CosId is designed to provide a universal, flexible, and high-performance distributed ID generator. There are currently two types of ID generators:

  • SnowflakeId : Single-machine TPS performance: 409W/sJMH benchmark, mainly addressedThe clock is set backMachine number assignment problemAnd provide a more friendly and flexible use experience.
  • SegmentId: Obtain a Step ID at a time to reduce the frequency of network I/O requests to the number dispenser and improve performance. IdSegmentDistributor: them roughly the dispenser () them roughly memory RedisIdSegmentDistributor: based onRedisThe number dispenser of. JdbcIdSegmentDistributor: based on theJdbcNumber segment dispenser, support a variety of relational databases. SegmentChainId(recommended):SegmentChainId (lock-free) is an enhancement to the SegmentId. The performance can approximate that of AtomicLongTPS performance: + 12743 w/sJMH benchmarks. PrefetchWorker maintains safeDistance and supports dynamic safeDistance expansion/contraction based on hunger state.

Background (why you need distributed IDS)

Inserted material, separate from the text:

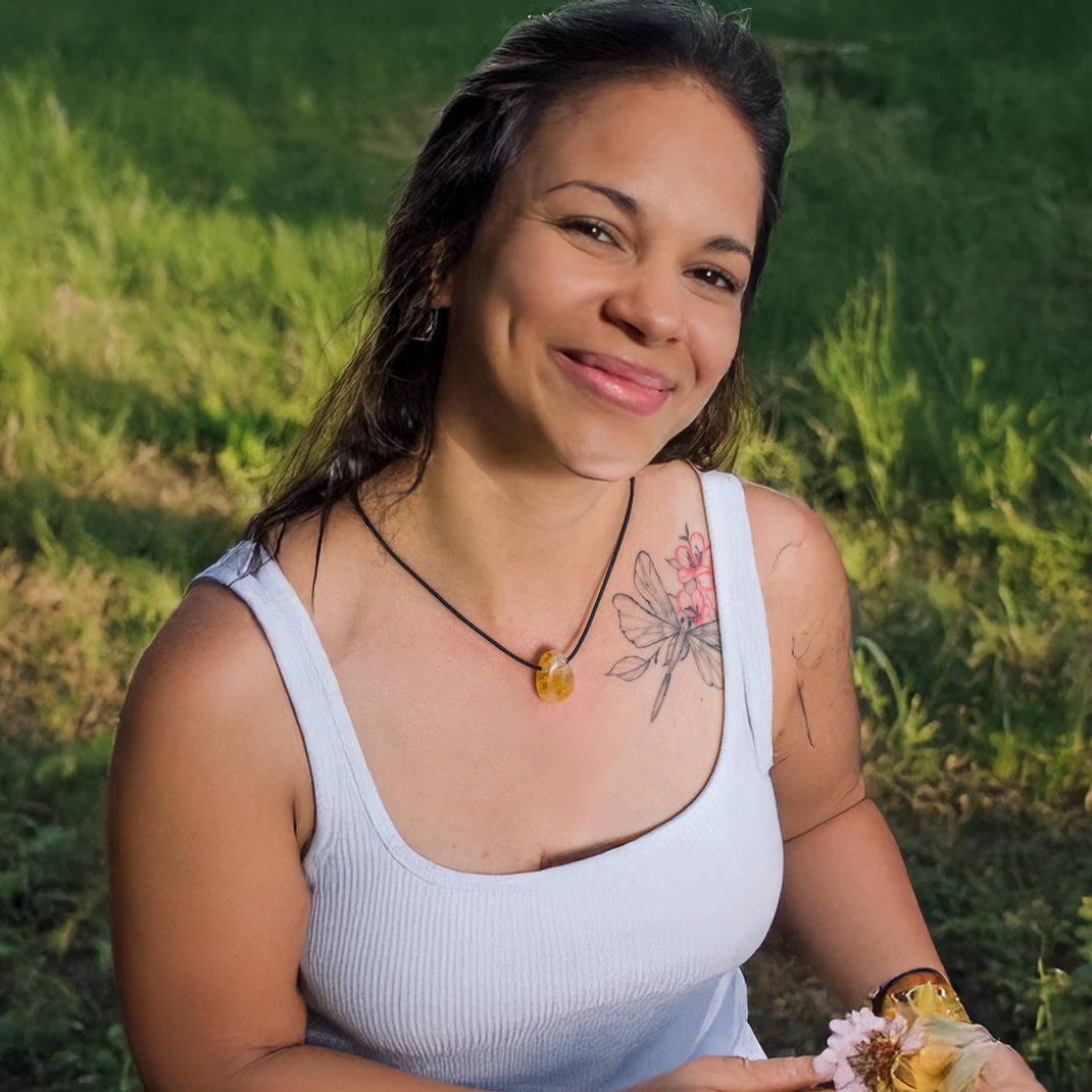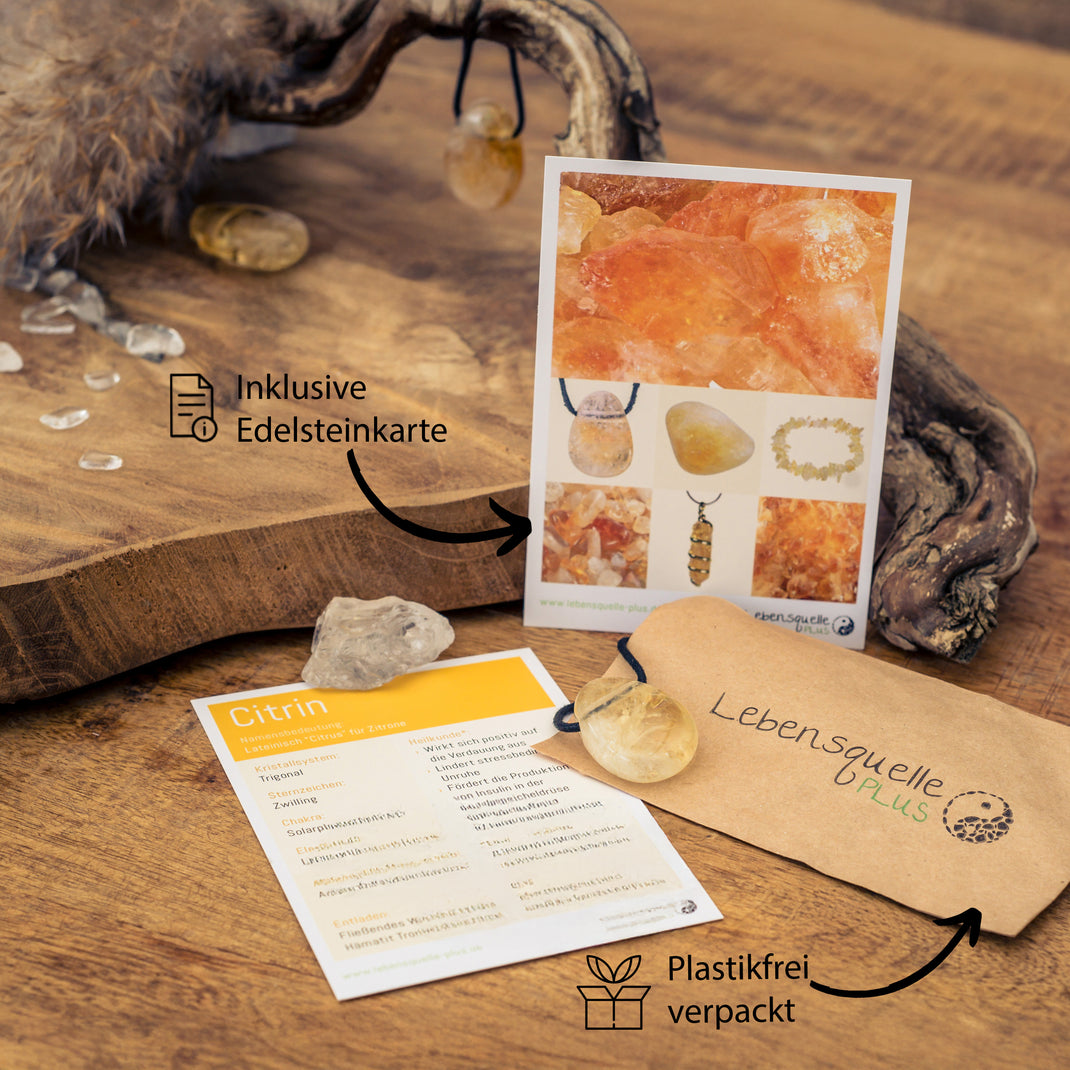 Set-Angebot: Citrin-Anhänger inklusive weichem Baumwollband – sofort tragbar, angenehm zu tragen und ideal als Geschenk.

In the process of software system evolution, with the growth of business scale, we need to cluster deployment to share computing and storage pressure, we can easily achieve stateless, elastic scaling of application services. But is simply increasing the number of copies of services enough? Obviously not enough, because the performance bottleneck is often at the database level, so this time we need to consider how to expand, scale, cluster the database, usually using the database, sub-table way to deal with. So how do I shard (horizontal shard, and of course vertical shard but that’s not the topic of this article), the premise of shard is that we have to have an ID, and then we can shard according to the shard algorithm. (For example, the simple and commonly used ID modulo sharding algorithm, which is similar to the concept of Hash algorithm, we need to have the key to Hash the slot.)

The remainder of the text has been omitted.